Reply posted for christenzilla.
thanks for the kids perspective- I don't want my kids to think I am ignoring them or that it is their fault-
Reply posted for asohn.
Hi! I was diagnosed in July of 2007. I feel for you because no matter how you slice it, this affects everyone!! It sounds like you have an awesome family (mom) and others. My mom does call to see how I'm doing and sometimes I just say fine, even when I'm not just because...!
I have 2 girls, 4 and 6 and the 6 year old is very intuitive. I actually had her meet with the counselor at school because she was having anxiety at the beginning of last year when she started Kindergarten and I was newly diagnosed. I've been in remission for a little while (knock on wood) and you will, too. But, like you, I'm waiting for the other shoe to drop. My husband is very supportive, thank God! You are not alone and things will improve!
Hang in there!
ngc
Reply posted for asohn.
asohn - Might I suggest that you discuss with your GI doctor or your primary care physician whether or not they would recommend an antidepressant, at least until you are able to get yourself into remission. At various times during the 45 years that I have managed my Crohn's, I have experienced depression during flares. Not everyone experiences this, but it has been part of my history. I have had pretty good results with a drug called Lexapro. Most of these drugs take a month or two to kick in. I have also used very, very sparingly Xanax (pronounced "Zanax"), which is an antianxiety medication. It works as soon as it gets into the blood stream, and its calming effect helps me get off the dime. In any event, keep talking with your doctor, continue to take your medications, try keeping a journal so you know what works and doesn't work... and know that there are others here to lend support. Know, too, that there IS life with Crohn's. It is a matter of getting your medication "cocktail" dialed in correctly so that you can go into remission and get back up to speed with your family. Best of luck for brighter days! - Bob
Reply posted for asohn.
You said something that jumped out to me about how your mom calls and you hate to disappoint her when you have to tell her you aren't feeling well. As a mom to a son who has crohn's I realized how HE must feel. I appreciate his honesty...but I need to sympathize without making him think he is making me feel bad. Cuz as a mom, I feel REALLY bad knowing my son is suffering.

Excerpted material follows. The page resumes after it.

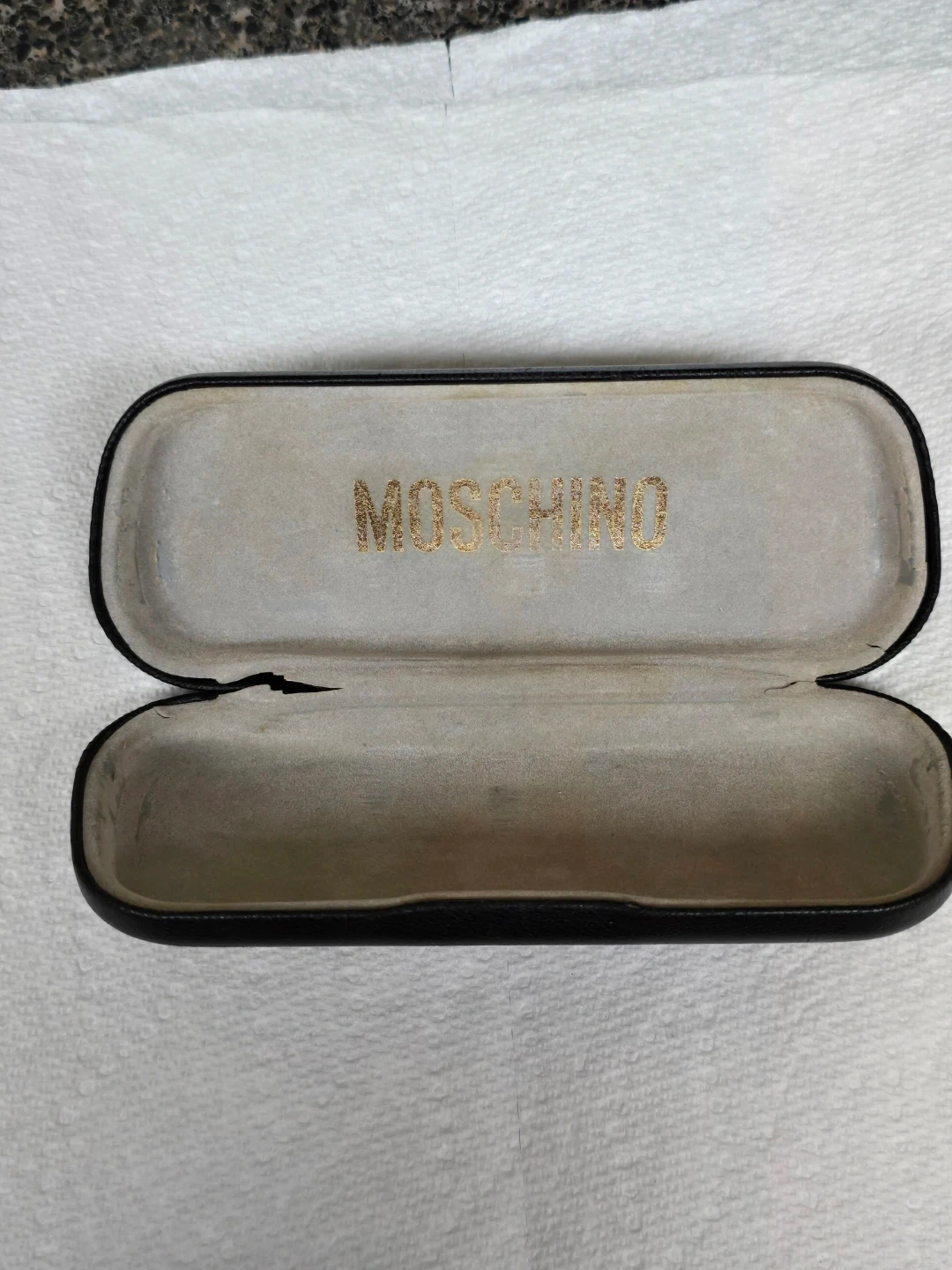 Black hard shell eyeglass case with Moschino logo inside. It's a sturdy case for protecting your glasses. This case would be useful for anyone who owns a pair of Moschino or other brand eyeglasses.

It sounds like you have enough awareness to try to get out..and also realize you can spend quality time just watching movies together, doing a puzzle..calm stuff that is near a bathroom and isn't too exhausting
My heart goes out to you...when we are in these hard, sad, dark days, i guess we just have to keep hoping brighter days are in the future.
Reply posted for asohn.
Just wanted to say hi and be a sympathetic ear. I know exactly how you feel. I'm a mom as well, and my kids are older now, so it's quite a bit easier then when they are young. I also know that moms are supposed to be the "strong" ones of the family so you tend to put everyone else before yourself. I'm currently experiencing a flare (UC, pancolitis) and am on prednisone. It usually works well for me, although I hate the side effects. This time the dose keeps going up, but unfortunatley it isn't working. When I don't feel well I also start to isolate myself, can't do as much as I used to, and it just goes in a vicious circle. Hang in there. I hope things start getting better for us soon.
Reply posted for asohn.
I know how you feel. I have canceled a lot of dates because I was tired or I didn't feel very well at the time. Now a whole bunch of guys hate me. :( So I now I don't even schedule anything anymore.
For you, its really important for you to go out an do things with your kids. I remember my mom was very depressed growing up, and she didn't go out, an she locked her self in her room. I really started to miss my mom, and I started to get depressed too. Now I am 22 yrs old so I don't need her much anymore.